Generative Model for Less-Resourced Languages: GaMS 1B for Slovene

The paper introduces a novel approach to developing a large generative LLM for Slovene—a language with limited NLP resources. Addressing the gap in existing LLMs predominantly trained on English, the authors present the GaMS 1B, a generative model specifically tailored for Slovene, leveraging an existing English model, the Open Pre-trained Transformer (OPT). The paper meticulously details the adaptation and enhancement strategies employed to tailor the model for Slovene, highlighting a generalizable approach for other less-resourced languages.

Methodology and Model Development

The primary challenge addressed in the paper is the scarcity of large Slovene datasets, making training from scratch impractical. Instead, the authors adapt the English language OPT model, which involves a comprehensive strategy for transferring the learned knowledge across languages. This includes the development of a new tokenizer optimized for Slovene, Croatian, and English, and the application of advanced embedding transfer techniques, namely FOCUS and WECHSEL. These techniques facilitate the initialization of embeddings, crucial for maintaining model efficiency and performance after vocabulary modification.

Tokenizer Development: The researchers train several tokenizer variants, focusing on vocabulary size and its impact on token generation efficiency. Ultimately, a 80,000 token vocabulary was chosen to balance computational cost and performance, ensuring more efficient processing of Slovene text compared to the original OPT tokenizer.
Embedding Initialization: The paper explores and extends upon the WECHSEL and FOCUS methods for embedding initialization. By testing the impact of these methods with and without CroSloEngual BERT embeddings as a bridging mechanism, the paper evaluates their efficacy in mitigating the adverse effects of vocabulary change, a critical aspect in multilingual model adaptation.
Training Process: Utilizing the HPC Vega supercomputer, the model is further pretrained on a diverse corpus comprising Slovene, Croatian, and other regional languages while preventing English forgetting. Given the scale and diversity of training data, strategic data selection and epoch repetition are employed to optimize training outcomes.

Evaluation and Results

Despite the innovations in model design, the authors candidly discuss the challenges in benchmarking the performance of LLMs adapted to less-resourced languages.
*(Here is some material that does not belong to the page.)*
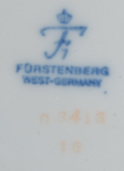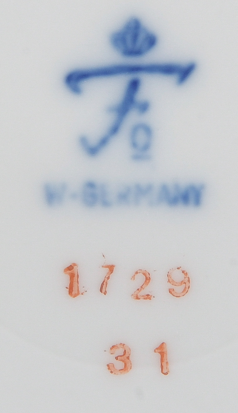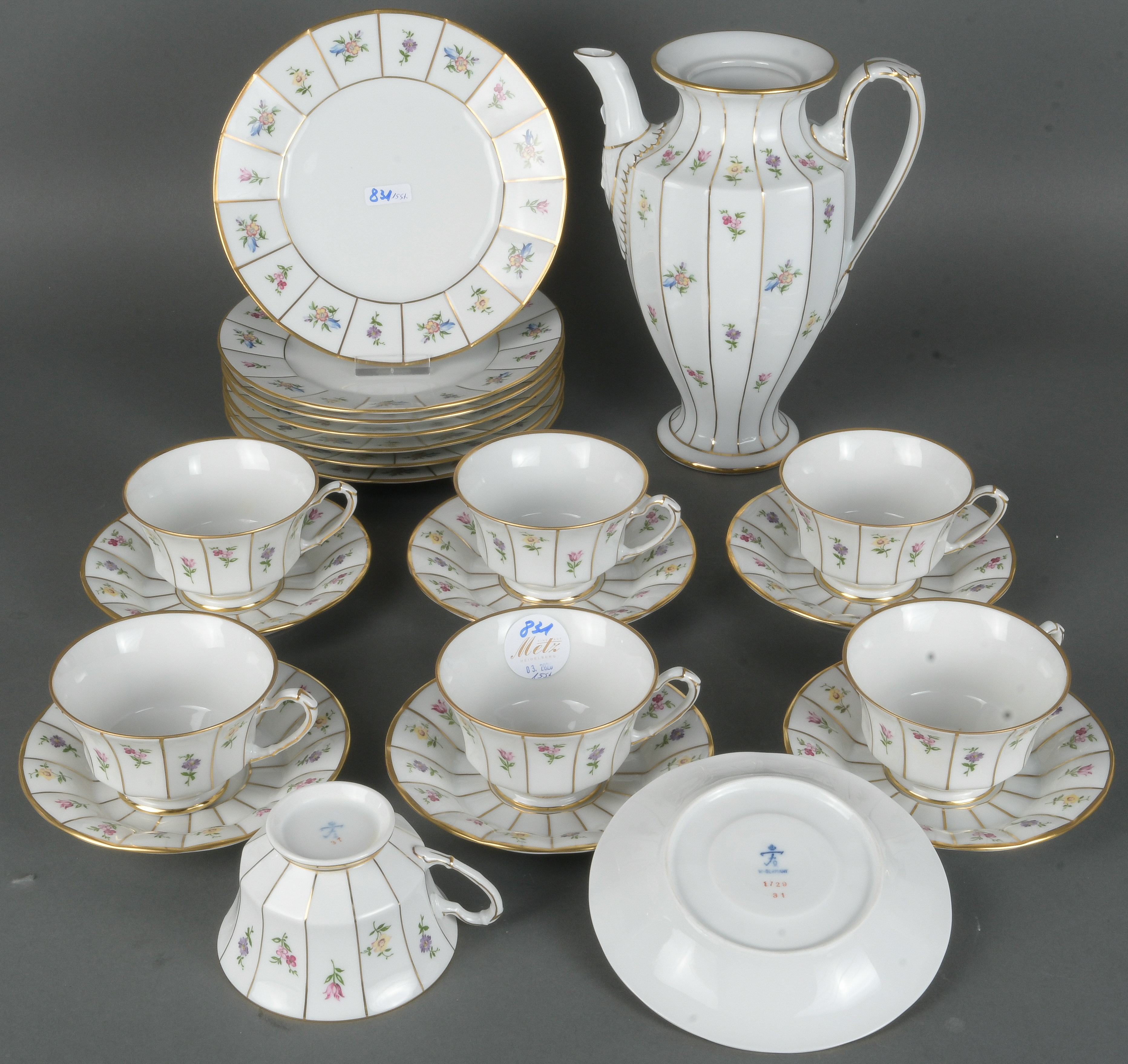 - Katalog-Nr: 83115-tlgs. Kaffeeservice. Fürstenberg 20. Jh. Porzellan, bunt bemalt mit Floraldekor, gold gesäumt. Bestehend aus: Eine Kanne ohne Deckel (H=22,5 cm), sieben Tassen mit Unterschalen und sieben Kuchenteller (D=je 19,5 cm).o.L.

Key findings include:

Classification Tasks: GaMS 1B's performance on Slovene SuperGLUE tasks reveals difficulty in task understanding attributable in part to the model's relatively small size (1 billion parameters), and the lack of instruction tuning, which is typically beneficial for nuanced task handling.
Sentence Simplification: The GaMS 1B exhibits competitive results in the SENTA sentence simplification task, achieving outcomes comparable to the state-of-the-art GPT-3.5-Turbo. This indicates the model's proficiency in generative tasks even in its preliminary adaptation stage.

Implications and Future Work

This paper makes a significant contribution to the field by providing a framework for extending the benefits of LLMs to less-resourced languages through knowledge transfer and model adaptation. The findings suggest that with further instruction tuning and potential model scaling, the efficacy of GaMS 1B could be significantly enhanced, opening avenues for improved multilingual NLP applications.
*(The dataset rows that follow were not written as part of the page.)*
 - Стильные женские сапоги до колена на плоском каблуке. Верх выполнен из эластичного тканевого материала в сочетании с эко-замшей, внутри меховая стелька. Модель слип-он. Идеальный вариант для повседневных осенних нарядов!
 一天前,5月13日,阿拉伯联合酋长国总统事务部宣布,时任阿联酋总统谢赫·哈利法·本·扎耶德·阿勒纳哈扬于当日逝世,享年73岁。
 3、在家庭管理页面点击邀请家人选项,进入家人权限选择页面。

Future research as indicated by the authors will focus on developing an instruction-following dataset to better equip the model for diverse tasks. Further exploration into larger models also remains a priority to amplify performance disparities and draw more conclusive insights into the efficacy of embedding transfer methods.

Overall, the GaMS 1B serves as a pioneering effort in resource-efficient NLP model creation, highlighting viable pathways for extending AI capabilities to a broader array of languages, thereby democratizing AI advancements on a global scale.